En este mes celebramos con mucha pompa una fecha de suma relevancia histórica: los 200 años de la Declaración de la Independencia. Este hecho sin embargo, entraña no pocas incongruencias, las cuales se han venido arrastrando como añejas aguas hasta nuestros días. Hay un párrafo de la magnífica biografía, que sobre Juan Vicente González escribiese la historiadora Lucía Raynero, que arroja luces acerca de estas deformaciones:
“Así la guerra civil de 1813 y 1814 fue producto de los antagonismos de clases. El pueblo no estuvo al lado del patriciado, porque la revolución la dirigieron los patricios que representaban lo opuesto al pueblo, y además éste no se identificaba con aquellos. Para el pueblo, el seguir a la revolución de independencia, no significó tampoco la libertad entendida como derecho natural. El pelear por la independencia de su patria tan sólo era encadenarse más a la opresión de su señores”.

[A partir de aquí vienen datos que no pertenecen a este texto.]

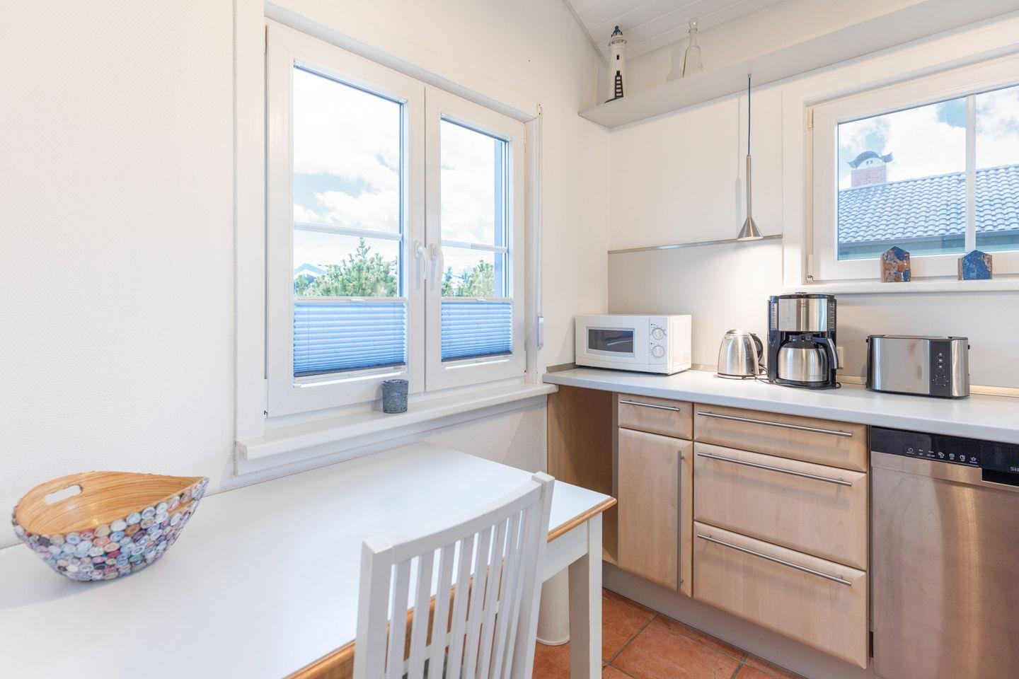 Unser lichtdurchflutetes Ferienhaus bietet auf 55 qm Platz und besticht durch die hohen Decken. Es ist mit einem gemütlichen Wohnbereich mit Kaminofen, SAT-TV, Essbereich, einer geschlossenen Küche und einem Duschbad mit Waschmaschine eingerichtet. Es verfügt über zwei Schlafzimmer: je ein Doppelbett (160 x 200 und 140 x 200).

La nación venezolana tiene su génesis traumática en esa realidad. Es la escisión, la separación de capas que no lograron resolver armoniosamente (de hecho el Decreto de Guerra a muerte es un intento a la fuerza por unir los conceptos de patria y pueblo) sus diferencias, las cuales no se solventan ni a partir de 1830, ni con la cruenta guerra Federal, ahondándose las diferencias, las desigualdades hasta bien entrado el siglo XX venezolano; vale decir a partir de 1936 donde lo fija con lucidez (y por razones obvias) la mirada de Don Mariano Picón Salas. Sin duda la llamada revolución de Octubre, bajo la dirección estratégica de Rómulo Betancourt (partiendo de un profundo análisis de la historia nacional) intentó implantar un proyecto para resolver esa marcada escisión, pero con el sectarismo exhibido en el trienio, aspecto que quiso enmendarse con el Pacto de Punto Fijo, más las prácticas clientelares, demagógicas de los años de la democracia representativa, y pese a los esfuerzos de prohombres como Uslar Pietri, Briceño Iragorry, Picón Salas, De Venanzi, Rafael Vegas, Pizani y algunos otros (así como en el Siglo XIX lo intentó Don Cecilio Acosta), se dio al traste con el primer ensayo serio para lograr la deseada cohesión y enrumbamiento del país. Es de esta manera como la actual “revolución”, lejos de desmontar este dañino lastre, lo potencia, auspiciando estériles y corrosivos enfrentamientos de clases, quedando sin solución a la vista la secular y destroncada relación. A este respecto. en un artículo titulado “Enredo de ideologías” (EL Universal, domingo 7 de marzo de 2010) Alejandro J. Sucre afirma: “la falla es la de excluir a la clase media y a los trabajadores de la toma de decisiones y de los beneficios del desarrollo económico”.
Es de suponer que abundan las explicaciones acerca de por qué no ha surgido un grupo de dirigentes, con las condiciones técnicas, políticas y éticas suficientes, como para encarar este problema medular, que cancele adecuadamente estas facturas de centurias. Cada quien tendrá sus conclusiones, lo cierto es que está allí como reto. ¿Estará relativamente cerca el advenimiento de un grupo con tal perfil? ¿Puede la Venezuela actual esperar que de su seno brote finalmente tal grupo? ¿No será una tarea que la propia sociedad civil deba catalizar con algún mecanismo que todavía no es vislumbrable para nosotros?
Más que celebrar el Bicentenario, debemos todos estar en sintonía con el compromiso que demanda la historia para nuestra tierra. Es una cuestión de vocación y grandeza….tal vez, en el fondo, de supervivencia.